# Required work
Leaving out every image, restate all the records word for word.

• • •

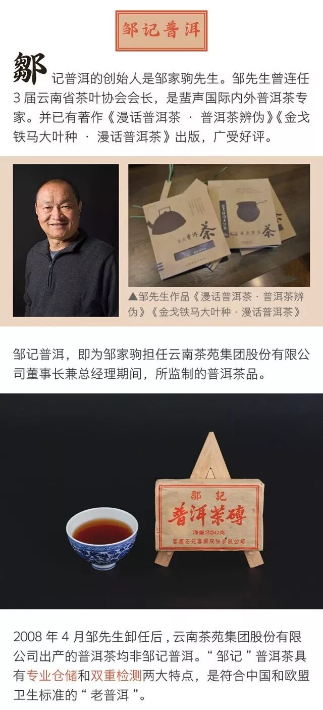 2000年的“普洱茶磚”,是鄒記的第一款熟茶,少量上市,就受到很多藏家的喜愛和追捧,再加上鄒家駒個人在茶界的聲譽,這款普洱熟磚在市場上可謂是供不應(yīng)求。
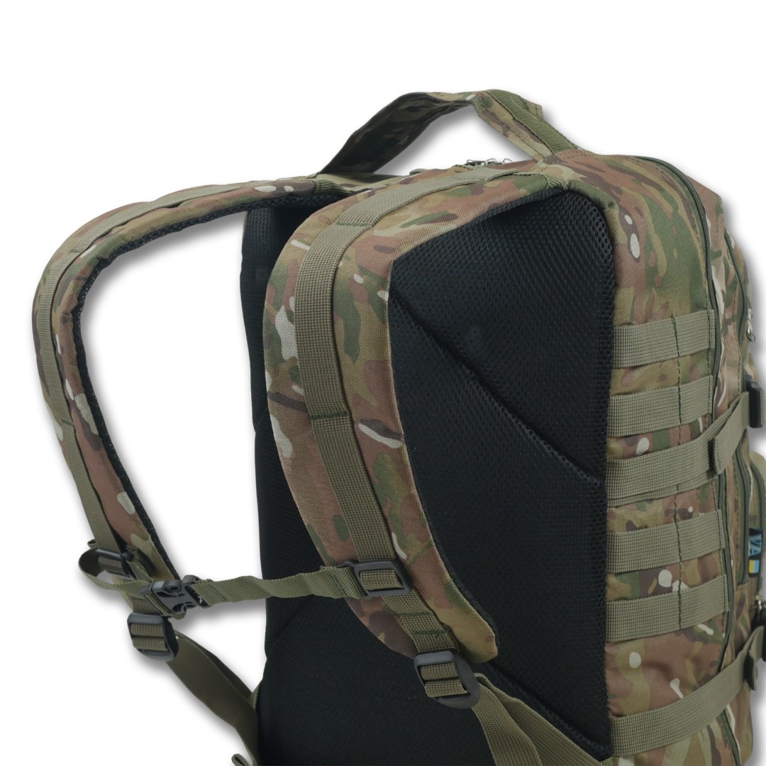 Тактичний рюкзак ємністю 40 л, підходить для повсякденного використання, дял військових та триденних походів у польових умовах. Він виготовлений з міцного матеріалу, стійкого до розривів і стирання, що гарантує довговічність.
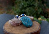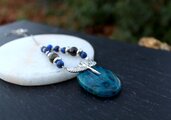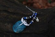 アパタイトは恋愛を守り、相手との絆を深めてくれる石。さらに幸運を引き寄せる6ミリのラピスラズリ、その間にAAA級のアイオライト。アイオライトは一途に愛を貫いて、結婚に結びつける石と言われています。
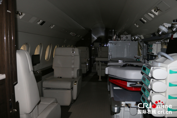 他介绍说,早在10 多年前中国就已经开始进行空中医疗救援了,但迄今为止一直是将客机或小型公务飞机临时改装一下,搭载一些最基本的急救医疗设备,用来转移危重病人。而急救中心最新购置并改装完成的这一架飞机却是首架专门用于远程医疗救援的飞机,相当于一个空中急救室,且配备了最先进的设备,“这架飞机在出厂的时候就进行了专业的改装,担架、监护仪、微量泵,还有体外膜肺,包括血库等先进的设备都提前固定好了。”
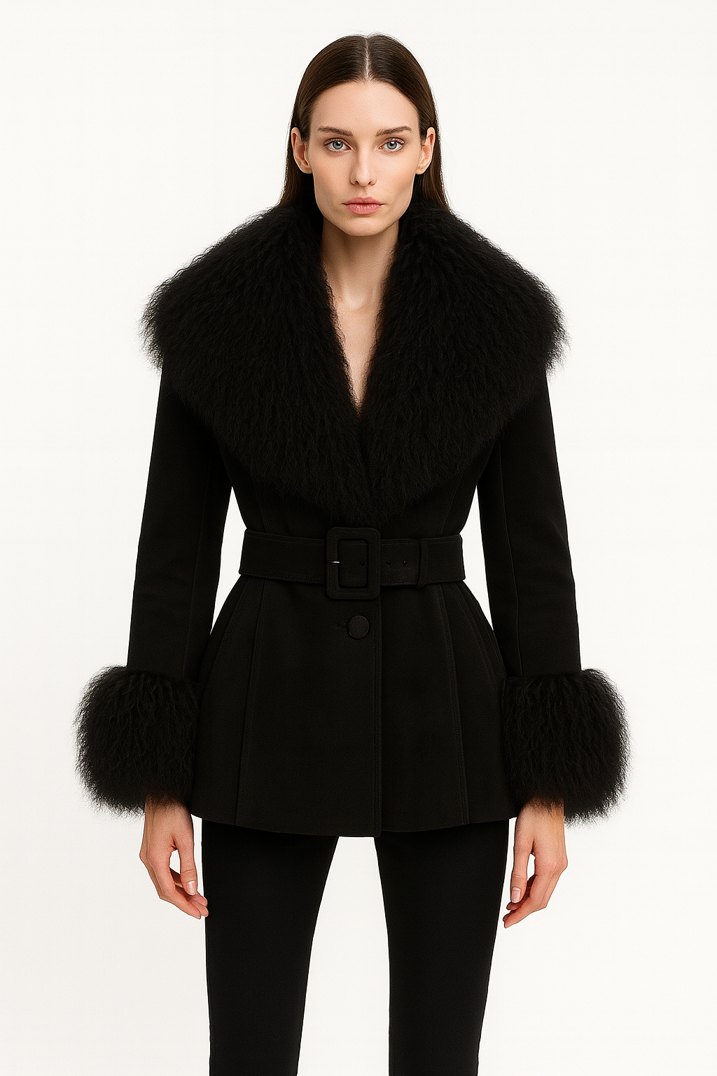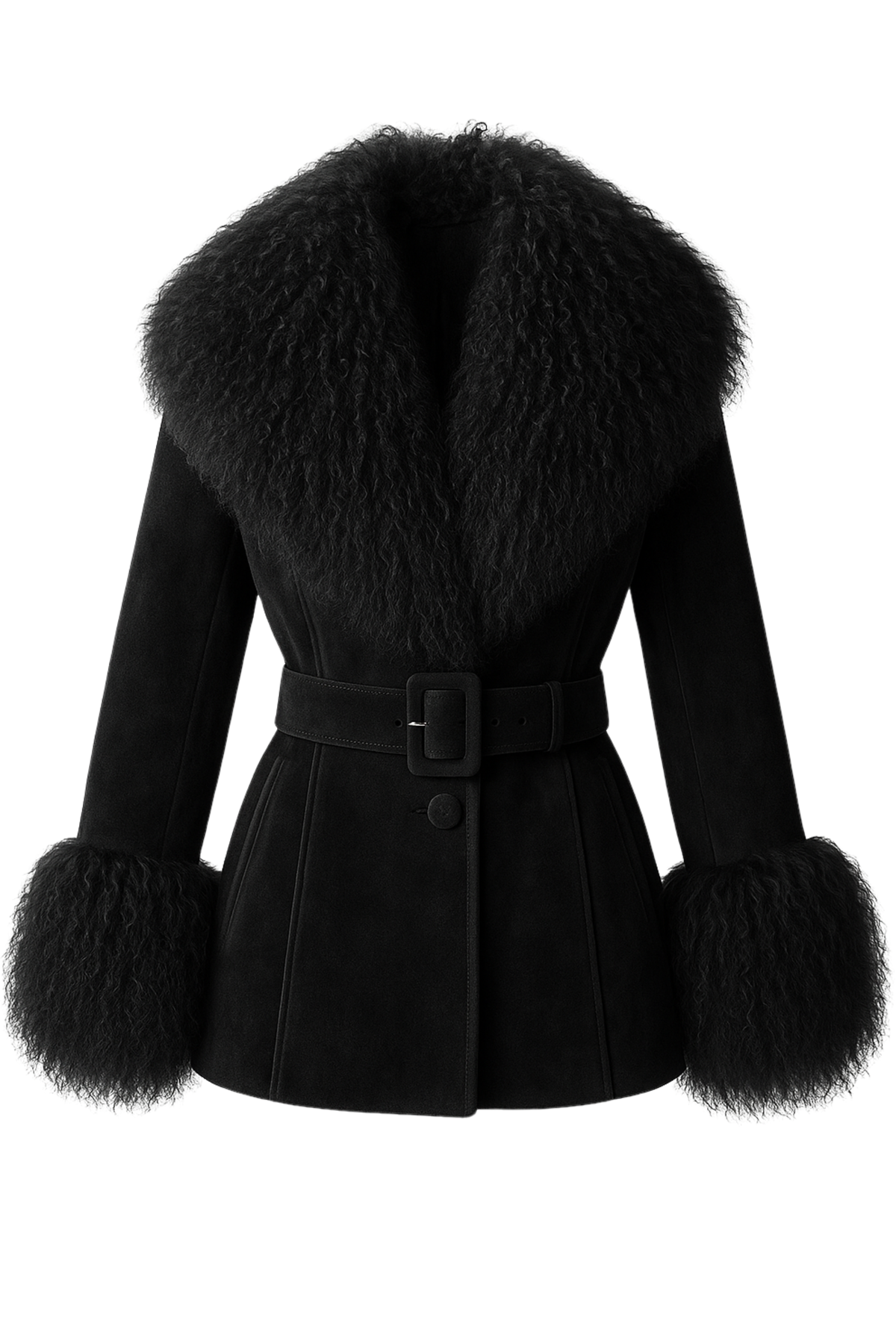 Giacca Pegghy Nera in Camoscio e Mongolia

• • •

# Output
 2000年的“普洱茶磚”,是鄒記的第一款熟茶,少量上市,就受到很多藏家的喜愛和追捧,再加上鄒家駒個人在茶界的聲譽,這款普洱熟磚在市場上可謂是供不應(yīng)求。
 Тактичний рюкзак ємністю 40 л, підходить для повсякденного використання, дял військових та триденних походів у польових умовах. Він виготовлений з міцного матеріалу, стійкого до розривів і стирання, що гарантує довговічність.
 アパタイトは恋愛を守り、相手との絆を深めてくれる石。さらに幸運を引き寄せる6ミリのラピスラズリ、その間にAAA級のアイオライト。アイオライトは一途に愛を貫いて、結婚に結びつける石と言われています。
 他介绍说,早在10 多年前中国就已经开始进行空中医疗救援了,但迄今为止一直是将客机或小型公务飞机临时改装一下,搭载一些最基本的急救医疗设备,用来转移危重病人。而急救中心最新购置并改装完成的这一架飞机却是首架专门用于远程医疗救援的飞机,相当于一个空中急救室,且配备了最先进的设备,“这架飞机在出厂的时候就进行了专业的改装,担架、监护仪、微量泵,还有体外膜肺,包括血库等先进的设备都提前固定好了。”
 Giacca Pegghy Nera in Camoscio e Mongolia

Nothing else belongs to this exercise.